Supplied records:

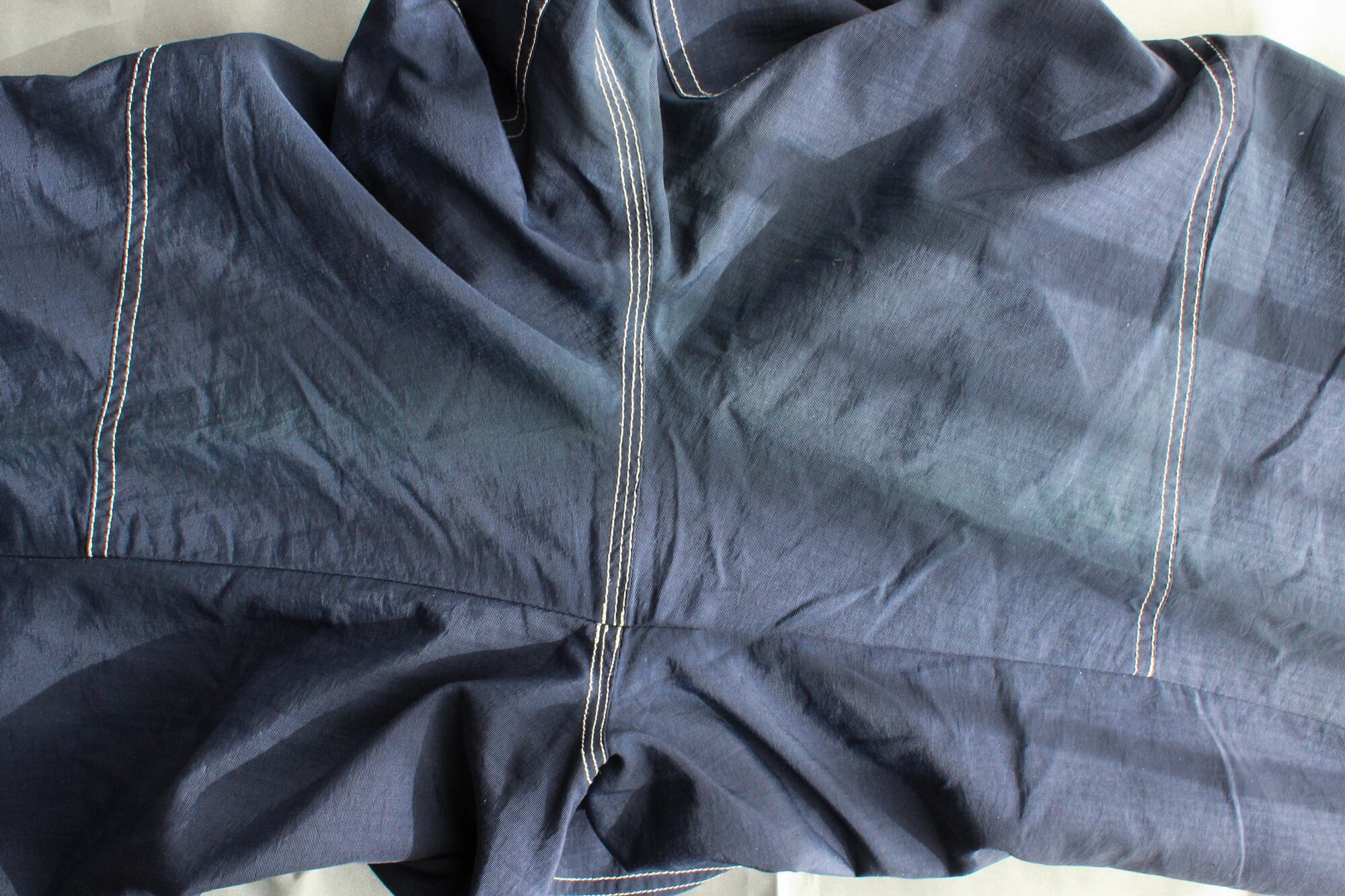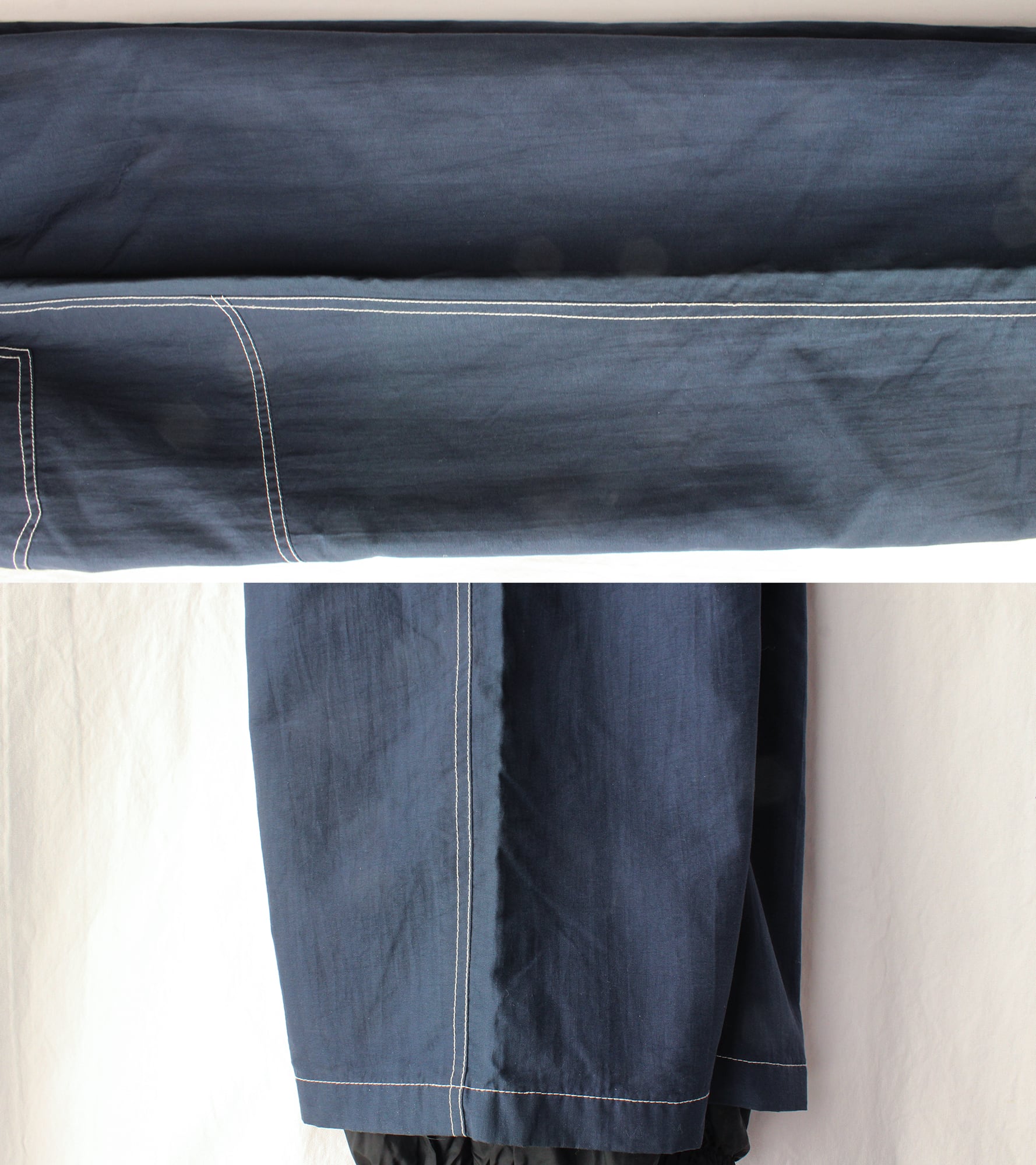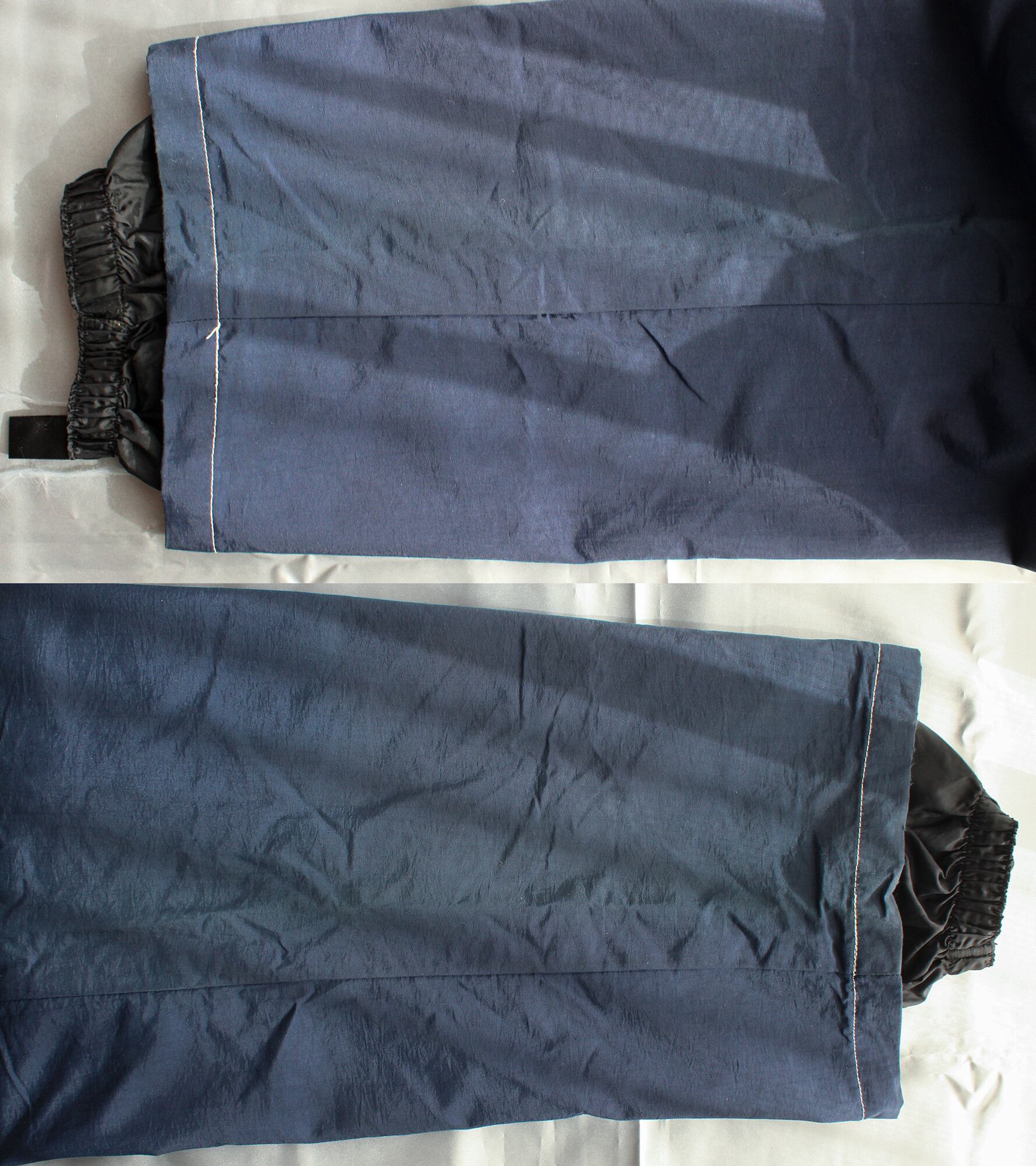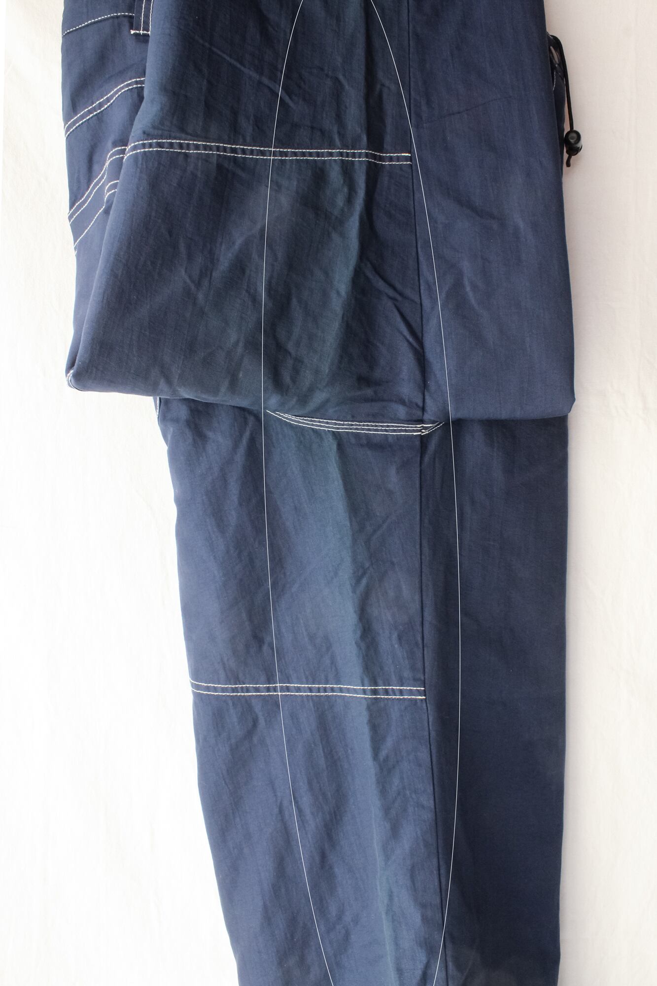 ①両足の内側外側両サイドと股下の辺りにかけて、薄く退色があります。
* * *
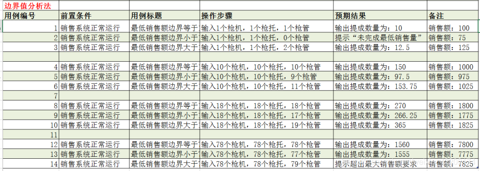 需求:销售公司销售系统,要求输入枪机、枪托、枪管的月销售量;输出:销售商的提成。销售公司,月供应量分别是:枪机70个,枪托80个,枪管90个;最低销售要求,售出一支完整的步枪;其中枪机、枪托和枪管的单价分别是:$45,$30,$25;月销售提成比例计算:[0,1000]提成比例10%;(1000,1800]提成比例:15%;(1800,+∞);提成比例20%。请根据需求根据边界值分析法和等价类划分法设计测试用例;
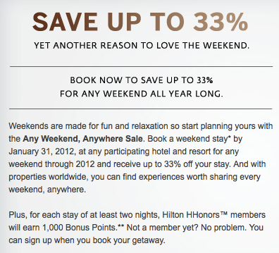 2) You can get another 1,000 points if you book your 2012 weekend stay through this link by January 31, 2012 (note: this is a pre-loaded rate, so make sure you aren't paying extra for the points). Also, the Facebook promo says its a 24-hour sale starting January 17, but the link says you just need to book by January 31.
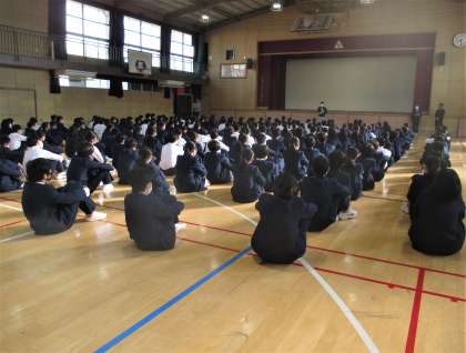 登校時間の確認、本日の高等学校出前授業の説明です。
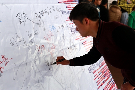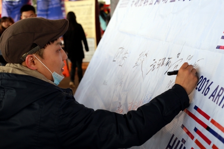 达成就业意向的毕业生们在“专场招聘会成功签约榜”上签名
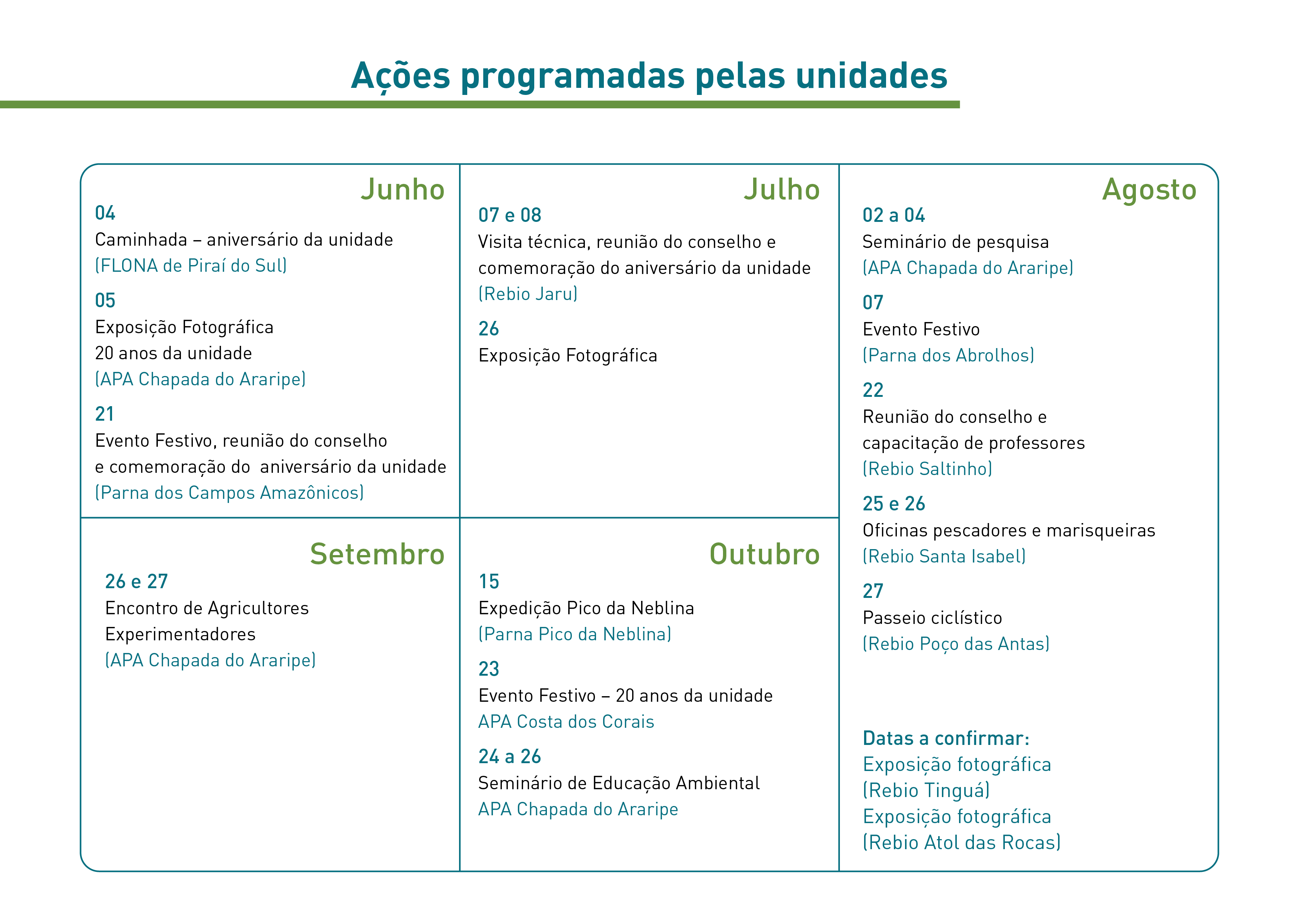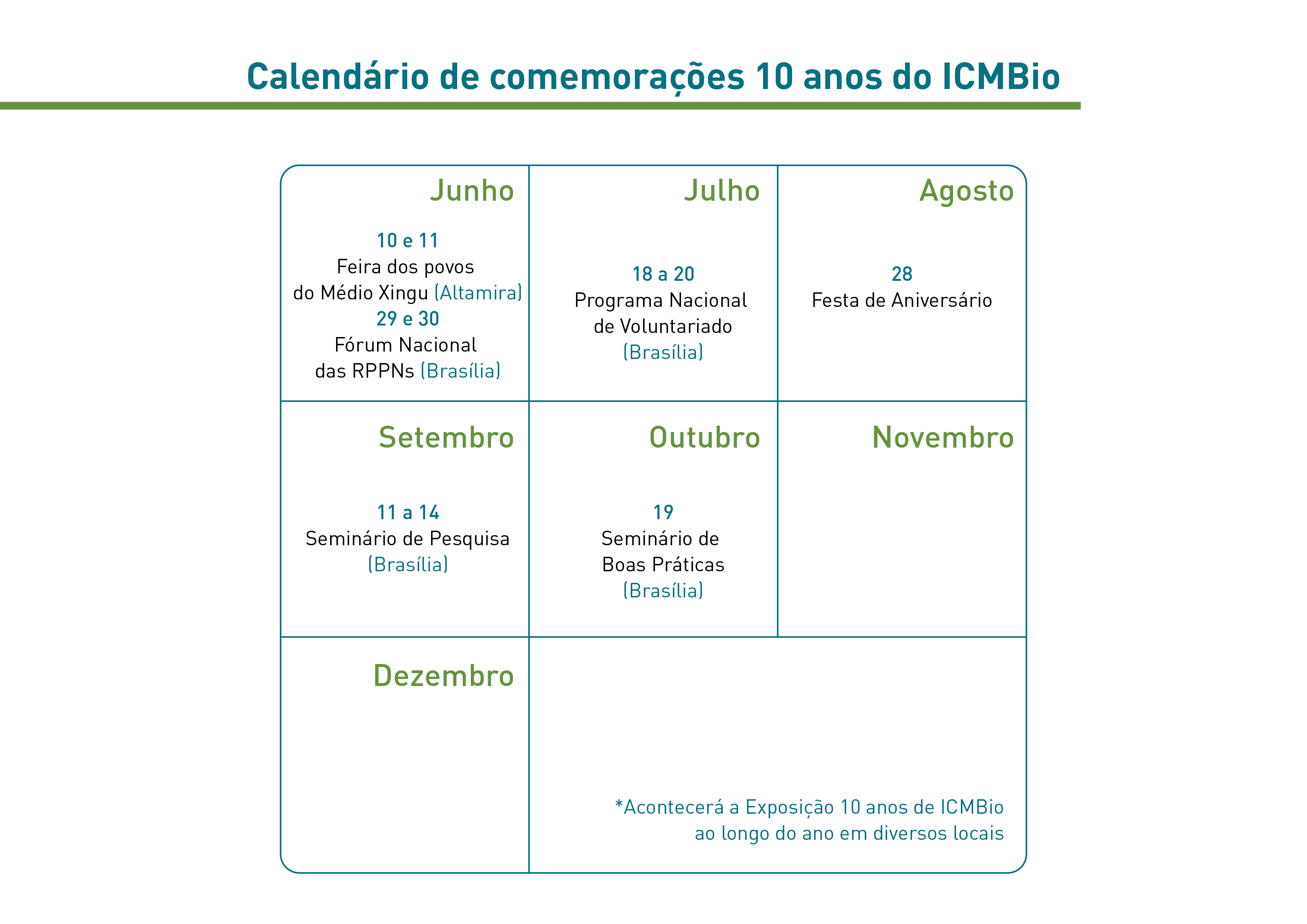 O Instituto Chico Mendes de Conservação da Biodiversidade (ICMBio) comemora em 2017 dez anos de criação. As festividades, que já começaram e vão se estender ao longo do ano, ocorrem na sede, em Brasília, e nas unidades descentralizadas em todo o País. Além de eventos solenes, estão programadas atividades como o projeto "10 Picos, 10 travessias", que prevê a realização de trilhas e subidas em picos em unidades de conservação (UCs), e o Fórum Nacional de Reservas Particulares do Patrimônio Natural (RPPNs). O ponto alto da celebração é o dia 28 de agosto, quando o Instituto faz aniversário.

Exercise instructions: Your copy should hold only the lines above from the one containing "登校時間の確認、本日の高等学校出前授業の説明です。" through the one containing "O Instituto Chico", exactly as written and free of pictures.

Task result:
 登校時間の確認、本日の高等学校出前授業の説明です。
 达成就业意向的毕业生们在“专场招聘会成功签约榜”上签名
 O Instituto Chico Mendes de Conservação da Biodiversidade (ICMBio) comemora em 2017 dez anos de criação. As festividades, que já começaram e vão se estender ao longo do ano, ocorrem na sede, em Brasília, e nas unidades descentralizadas em todo o País. Além de eventos solenes, estão programadas atividades como o projeto "10 Picos, 10 travessias", que prevê a realização de trilhas e subidas em picos em unidades de conservação (UCs), e o Fórum Nacional de Reservas Particulares do Patrimônio Natural (RPPNs). O ponto alto da celebração é o dia 28 de agosto, quando o Instituto faz aniversário.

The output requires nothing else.